There are many companies on the market, both foreign and domestic. Some compositions are praised by everyone, while others have conflicting reviews. Here you need to understand that those who often deal with this work can, using a composition that is not very good in terms of characteristics, get an excellent result. It’s more difficult for beginners: they don’t know how it should be, so they can’t correct it in time if something goes wrong. Therefore, it is unlikely that you will be able to save money: in order to get a good result, you will have to buy a composition for self-leveling floors with very good characteristics and reviews. And these are expensive brands.

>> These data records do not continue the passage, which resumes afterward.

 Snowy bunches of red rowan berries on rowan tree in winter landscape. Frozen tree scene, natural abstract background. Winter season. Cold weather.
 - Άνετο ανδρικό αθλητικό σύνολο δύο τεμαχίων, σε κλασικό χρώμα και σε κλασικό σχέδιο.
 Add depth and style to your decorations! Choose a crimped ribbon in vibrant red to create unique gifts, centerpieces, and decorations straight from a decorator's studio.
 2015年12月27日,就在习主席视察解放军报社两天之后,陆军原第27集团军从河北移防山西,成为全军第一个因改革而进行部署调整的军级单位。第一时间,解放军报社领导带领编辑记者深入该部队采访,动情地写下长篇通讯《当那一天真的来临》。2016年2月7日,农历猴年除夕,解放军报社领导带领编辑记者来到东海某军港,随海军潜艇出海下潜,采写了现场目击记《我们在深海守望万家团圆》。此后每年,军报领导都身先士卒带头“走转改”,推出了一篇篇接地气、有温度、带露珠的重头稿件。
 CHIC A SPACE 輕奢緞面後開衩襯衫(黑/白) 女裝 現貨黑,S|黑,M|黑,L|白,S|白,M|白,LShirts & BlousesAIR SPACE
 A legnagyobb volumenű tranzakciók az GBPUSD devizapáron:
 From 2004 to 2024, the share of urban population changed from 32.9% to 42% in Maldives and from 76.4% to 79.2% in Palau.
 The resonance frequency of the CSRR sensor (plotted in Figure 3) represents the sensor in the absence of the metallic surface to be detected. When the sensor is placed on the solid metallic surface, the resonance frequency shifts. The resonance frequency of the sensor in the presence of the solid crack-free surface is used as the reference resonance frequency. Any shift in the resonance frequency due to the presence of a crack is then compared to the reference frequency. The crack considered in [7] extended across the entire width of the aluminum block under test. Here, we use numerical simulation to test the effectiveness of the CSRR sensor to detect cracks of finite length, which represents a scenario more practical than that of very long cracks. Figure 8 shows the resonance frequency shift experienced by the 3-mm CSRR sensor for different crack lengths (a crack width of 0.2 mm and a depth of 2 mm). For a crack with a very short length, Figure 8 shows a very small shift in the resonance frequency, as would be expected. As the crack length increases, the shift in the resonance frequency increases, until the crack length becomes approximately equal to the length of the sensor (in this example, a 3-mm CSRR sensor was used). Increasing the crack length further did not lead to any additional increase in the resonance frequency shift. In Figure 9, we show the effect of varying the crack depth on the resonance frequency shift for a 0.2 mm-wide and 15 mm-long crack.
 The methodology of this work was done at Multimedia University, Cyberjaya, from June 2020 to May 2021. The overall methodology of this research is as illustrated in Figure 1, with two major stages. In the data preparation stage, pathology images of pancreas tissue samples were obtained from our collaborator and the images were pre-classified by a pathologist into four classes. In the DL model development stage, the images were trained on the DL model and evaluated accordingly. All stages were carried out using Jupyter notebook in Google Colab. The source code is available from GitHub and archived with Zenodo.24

Here is a list of manufacturers and compositions, with a brief description:

  • Bolars is inexpensive, but difficult to work with.
  • ‘Prospectors – reviews vary.
  • Pyramid - little experience.
  • CERESIT CN78 - easy to work with, the surface is smooth, but expensive.
  • IVSIL TIE-ROD-II is a self-leveling mixture based on gypsum; other compositions level a little worse.
  • BROZEX NP-42 - the result is not bad, spreading is normal.
  • Horizon Universal - difficult to work with.
  • Vetonit Vaateri Plus is a self-leveling agent with good characteristics, it is easy to work, the surface is smooth, and it is expensive.
  • Forbo 976 is a self-leveling mixture with good performance.
  • Foundation T-45 - spreads and levels well, but is not suitable for thick layers (more than 10 mm).
  • Plitonit (PLITONIT) - a composition for a thin layer has very good reviews.
  • Kreps-RV and SL - according to reviews - normal characteristics at an affordable price.

These are, naturally, not all manufacturers, but those with which you can make a floor, and do not suffer (according to reviews of those who worked with them) ...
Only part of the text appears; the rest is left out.